*Collected material*:
== Segment start ==

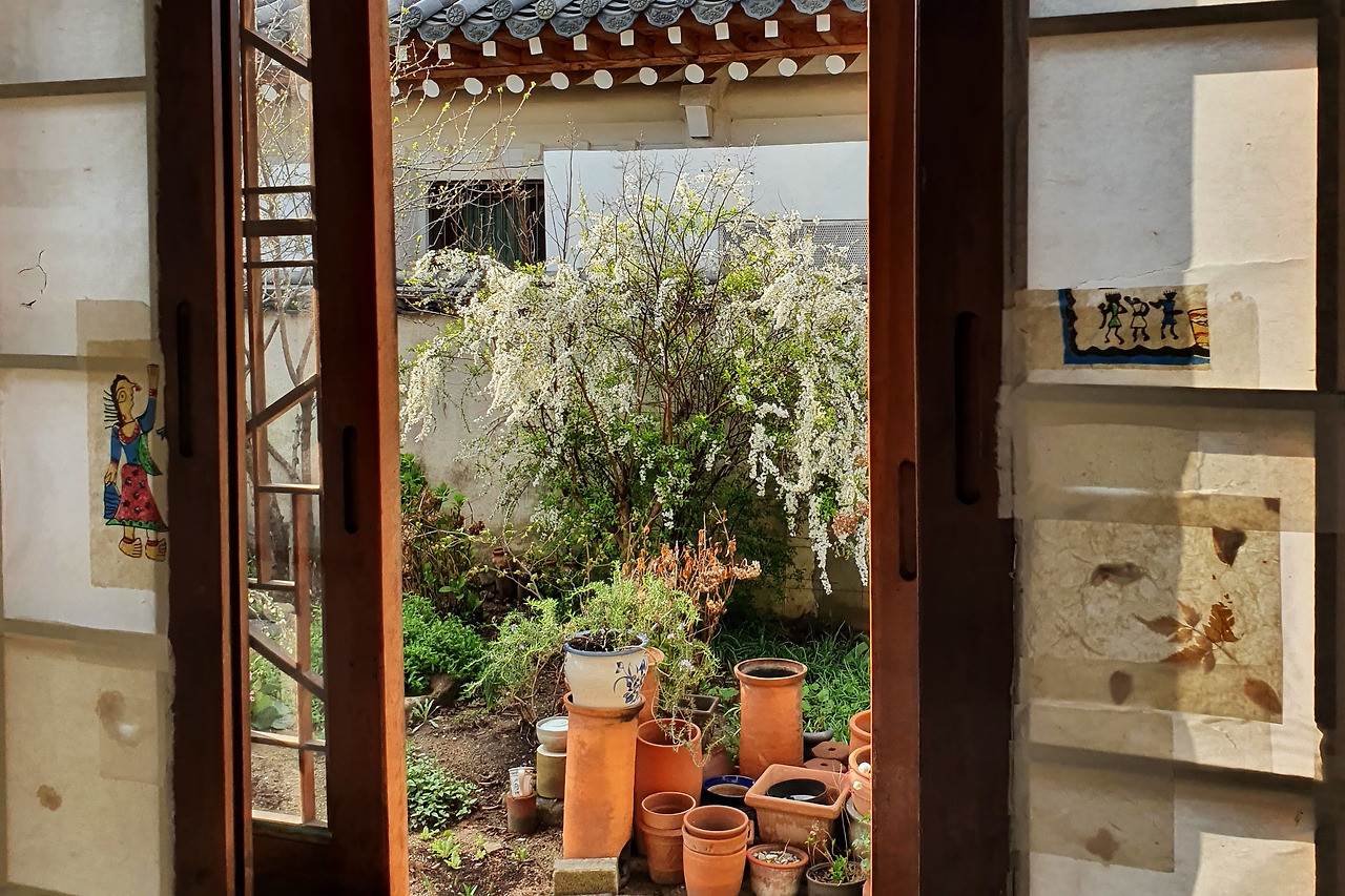 아침밥을 먹고나니 운전의 피로와 좁은 방에 대한 불만이 일시에 해소됐다. 이 집이 달리 보였다. 한옥 마당이 그리 넓진 않았는데 설유화, 히어리 등 자잘한 봄꽃이 어우러진 모습이 정겨웠다. 툇마루에 걸터앉아 햇볕을 쐬고 책을 읽으며 여유를 누렸다. 관광객이 골목 가득한 황리단길 한편에 이렇게 평화로운 세상이 있다니. 갑자기 서울에서도 한옥에 살아보고 싶다는 망상이 들었다.
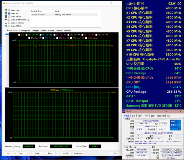 电压1.284V,功耗235W,CPUPackage 温度在86-87度反复横跳。
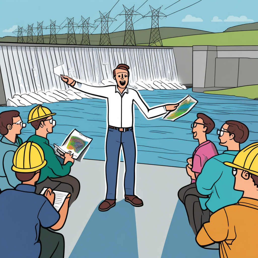 Hi! Drawing teacher giving a lecture about hydroelectric dam!
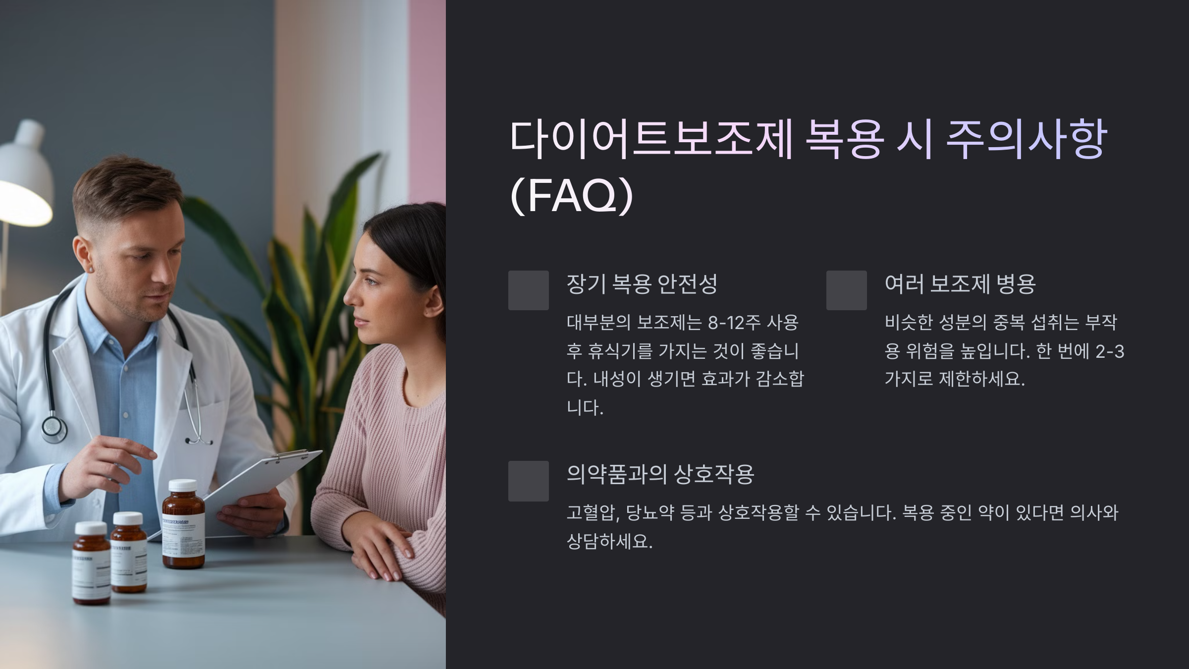 🟢 다이어트보조제 복용 시 주의할 점 (FAQ)

== Segment end ==

*Work order*: A word-for-word copy of the data, without its pictures, is what is needed.

*Answer to this problem*:
 아침밥을 먹고나니 운전의 피로와 좁은 방에 대한 불만이 일시에 해소됐다. 이 집이 달리 보였다. 한옥 마당이 그리 넓진 않았는데 설유화, 히어리 등 자잘한 봄꽃이 어우러진 모습이 정겨웠다. 툇마루에 걸터앉아 햇볕을 쐬고 책을 읽으며 여유를 누렸다. 관광객이 골목 가득한 황리단길 한편에 이렇게 평화로운 세상이 있다니. 갑자기 서울에서도 한옥에 살아보고 싶다는 망상이 들었다.
 电压1.284V,功耗235W,CPUPackage 温度在86-87度反复横跳。
 Hi! Drawing teacher giving a lecture about hydroelectric dam!
 🟢 다이어트보조제 복용 시 주의할 점 (FAQ)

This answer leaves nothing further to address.